The low-mileage engine and the gearbox required little attention, but the seats were retrimmed in new vinyl, while the car was treated to new carpets, headlining and a re-covered dashboard top.

Once Mike had completed all the welding, the car was resprayed in ruby red, with the majority of the aluminium trim replaced or rechromed.

Finally, after 10 years, the car was taxed again in November 2016, just over 40 years since it last troubled DVLA.

At times, he admits, the restoration looked like “a mountain to climb”.

“You try to get things done and people are not always cooperating,” he says. “I just get blinkered, just plod on.

“I won’t give up on anything”

“The thing that turns me on is retrieving things, saving things – I’ve done everything from hoovers to bikes. I won’t give up on anything, that’s my trouble.”

So what was it like to get back behind the wheel of a car he had last driven in early 1977?

“It was great getting out to Ongar in the lanes, and I use it whenever I get the opportunity to do a decent drive,” he says. “I don’t want to just take it down the road and do five miles, there’s no point.

“After driving modern cars, you’re suddenly aware of how it’s from a different era of driving and feel. 

“It’s very light on the front, so when you go into a bend you’ve got to make sure you get all the speed out beforehand. If you try to brake in the bend then everything goes, the rear suspension starts acting and then it starts steering from the back because of the swing axle. There’s a technique to driving it.”

These days, of course, the Porsche attracts far more attention than it ever did in its youth.

“The reaction now is more like those kids in France,” he says. “When I pull into a petrol station people come out of the woodwork and want to know about it.

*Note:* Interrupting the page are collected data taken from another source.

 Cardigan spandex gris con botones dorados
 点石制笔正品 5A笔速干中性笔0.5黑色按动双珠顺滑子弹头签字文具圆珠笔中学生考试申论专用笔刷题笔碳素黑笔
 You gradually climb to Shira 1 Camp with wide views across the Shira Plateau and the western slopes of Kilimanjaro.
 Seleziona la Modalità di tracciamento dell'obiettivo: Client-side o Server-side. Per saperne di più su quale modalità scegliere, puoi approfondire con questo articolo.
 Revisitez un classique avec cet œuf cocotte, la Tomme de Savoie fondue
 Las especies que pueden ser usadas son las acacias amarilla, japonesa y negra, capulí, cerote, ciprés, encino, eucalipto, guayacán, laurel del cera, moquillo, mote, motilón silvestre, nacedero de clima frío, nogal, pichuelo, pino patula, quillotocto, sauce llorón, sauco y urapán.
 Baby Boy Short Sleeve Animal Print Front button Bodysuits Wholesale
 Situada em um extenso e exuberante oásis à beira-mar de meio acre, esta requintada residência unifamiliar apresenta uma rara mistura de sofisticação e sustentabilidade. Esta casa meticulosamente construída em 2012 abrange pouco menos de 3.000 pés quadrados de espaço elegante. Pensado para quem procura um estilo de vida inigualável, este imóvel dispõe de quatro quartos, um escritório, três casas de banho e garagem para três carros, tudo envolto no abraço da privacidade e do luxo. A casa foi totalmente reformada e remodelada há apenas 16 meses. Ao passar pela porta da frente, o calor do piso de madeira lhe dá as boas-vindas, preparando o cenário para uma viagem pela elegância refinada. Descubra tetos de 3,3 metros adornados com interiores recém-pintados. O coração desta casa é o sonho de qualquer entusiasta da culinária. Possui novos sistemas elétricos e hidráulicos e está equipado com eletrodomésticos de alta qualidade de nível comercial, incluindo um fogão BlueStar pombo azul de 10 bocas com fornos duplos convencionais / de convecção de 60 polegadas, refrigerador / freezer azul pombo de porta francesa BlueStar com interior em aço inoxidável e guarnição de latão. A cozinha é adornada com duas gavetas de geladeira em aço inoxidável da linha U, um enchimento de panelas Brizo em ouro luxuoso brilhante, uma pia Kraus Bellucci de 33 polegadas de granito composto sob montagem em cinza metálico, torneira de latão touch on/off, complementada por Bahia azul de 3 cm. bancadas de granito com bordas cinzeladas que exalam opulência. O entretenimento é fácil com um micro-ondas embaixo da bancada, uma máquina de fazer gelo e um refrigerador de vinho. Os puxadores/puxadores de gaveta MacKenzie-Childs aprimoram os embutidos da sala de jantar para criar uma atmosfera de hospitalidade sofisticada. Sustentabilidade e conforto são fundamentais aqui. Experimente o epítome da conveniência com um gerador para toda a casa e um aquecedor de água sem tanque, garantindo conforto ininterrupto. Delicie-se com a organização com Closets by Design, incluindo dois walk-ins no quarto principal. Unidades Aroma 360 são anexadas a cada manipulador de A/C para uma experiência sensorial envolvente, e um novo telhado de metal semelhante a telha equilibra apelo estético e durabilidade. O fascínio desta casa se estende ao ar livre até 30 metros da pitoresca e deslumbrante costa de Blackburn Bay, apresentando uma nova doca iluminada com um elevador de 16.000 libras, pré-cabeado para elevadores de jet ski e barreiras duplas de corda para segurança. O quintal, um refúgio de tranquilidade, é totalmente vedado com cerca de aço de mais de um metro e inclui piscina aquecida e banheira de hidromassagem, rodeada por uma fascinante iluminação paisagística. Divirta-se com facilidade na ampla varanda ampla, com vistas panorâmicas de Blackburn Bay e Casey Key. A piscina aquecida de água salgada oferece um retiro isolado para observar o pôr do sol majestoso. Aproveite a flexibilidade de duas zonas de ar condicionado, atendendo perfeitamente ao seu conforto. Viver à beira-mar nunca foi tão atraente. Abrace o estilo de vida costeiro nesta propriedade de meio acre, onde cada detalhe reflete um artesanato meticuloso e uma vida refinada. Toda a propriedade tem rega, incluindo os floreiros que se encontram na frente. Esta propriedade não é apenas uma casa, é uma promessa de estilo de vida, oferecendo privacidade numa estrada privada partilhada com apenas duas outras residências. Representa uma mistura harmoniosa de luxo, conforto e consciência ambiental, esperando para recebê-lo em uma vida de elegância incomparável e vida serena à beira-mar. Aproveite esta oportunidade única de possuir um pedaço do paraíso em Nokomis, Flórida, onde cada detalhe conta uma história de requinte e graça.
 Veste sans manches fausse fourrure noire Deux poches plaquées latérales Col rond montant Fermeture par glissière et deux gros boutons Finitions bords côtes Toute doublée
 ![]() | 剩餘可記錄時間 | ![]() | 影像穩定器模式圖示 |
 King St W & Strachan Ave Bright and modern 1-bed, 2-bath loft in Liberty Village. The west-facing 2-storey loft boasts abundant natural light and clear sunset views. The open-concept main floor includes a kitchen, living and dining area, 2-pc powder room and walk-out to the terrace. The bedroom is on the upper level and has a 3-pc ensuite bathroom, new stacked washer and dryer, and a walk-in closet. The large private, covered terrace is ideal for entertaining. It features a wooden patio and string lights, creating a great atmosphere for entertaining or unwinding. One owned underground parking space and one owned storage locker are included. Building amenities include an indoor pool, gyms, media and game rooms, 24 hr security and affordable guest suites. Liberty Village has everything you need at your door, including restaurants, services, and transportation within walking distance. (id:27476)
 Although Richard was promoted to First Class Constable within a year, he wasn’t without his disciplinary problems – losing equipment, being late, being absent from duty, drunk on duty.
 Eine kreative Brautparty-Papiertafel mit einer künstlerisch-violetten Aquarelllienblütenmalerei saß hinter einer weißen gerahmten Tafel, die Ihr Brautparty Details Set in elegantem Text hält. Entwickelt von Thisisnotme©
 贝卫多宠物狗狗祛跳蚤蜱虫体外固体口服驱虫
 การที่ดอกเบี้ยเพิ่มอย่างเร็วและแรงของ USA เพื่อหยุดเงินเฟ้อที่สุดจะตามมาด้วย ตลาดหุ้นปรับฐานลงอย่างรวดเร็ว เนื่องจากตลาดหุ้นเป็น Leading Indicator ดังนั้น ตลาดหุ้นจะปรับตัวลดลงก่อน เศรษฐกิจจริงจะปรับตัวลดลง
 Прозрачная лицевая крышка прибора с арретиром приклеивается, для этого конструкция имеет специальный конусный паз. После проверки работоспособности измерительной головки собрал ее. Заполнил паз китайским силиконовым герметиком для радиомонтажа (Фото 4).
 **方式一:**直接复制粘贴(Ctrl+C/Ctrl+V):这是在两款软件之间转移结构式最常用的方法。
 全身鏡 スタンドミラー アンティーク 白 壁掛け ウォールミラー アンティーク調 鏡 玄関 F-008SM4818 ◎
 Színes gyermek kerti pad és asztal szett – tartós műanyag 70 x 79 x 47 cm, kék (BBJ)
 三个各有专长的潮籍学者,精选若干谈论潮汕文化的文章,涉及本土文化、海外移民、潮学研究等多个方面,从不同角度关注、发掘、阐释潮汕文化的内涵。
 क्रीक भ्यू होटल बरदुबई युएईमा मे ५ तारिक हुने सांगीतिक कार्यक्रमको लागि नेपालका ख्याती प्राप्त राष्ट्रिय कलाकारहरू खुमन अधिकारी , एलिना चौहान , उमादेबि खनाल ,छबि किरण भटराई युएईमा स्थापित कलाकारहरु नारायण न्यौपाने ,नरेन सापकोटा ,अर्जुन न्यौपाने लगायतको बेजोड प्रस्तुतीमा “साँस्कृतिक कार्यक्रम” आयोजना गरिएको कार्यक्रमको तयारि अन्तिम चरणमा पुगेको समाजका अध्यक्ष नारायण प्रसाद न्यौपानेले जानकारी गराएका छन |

It seems strange now.”

Motoring icon

Having spent a decade bringing his pride and joy back to showroom condition, what does the future hold for this stunning motoring icon?

“My intention is to keep this and the 914 until such time I either can’t afford to live, when I might have to sell, or I pop my clogs,” he smiles, his son Michael a devotee of more modern, economical cars who currently drives an electric VW Golf GTE.

“Something like this is not practical for him, but I do keep thinking about what arrangements I need to make for them.”

For now, he’s just going to enjoy the fruits of his labour as much as he can.

“I didn’t get it done until quite late, and I want to get more of a chance to use it,” he says.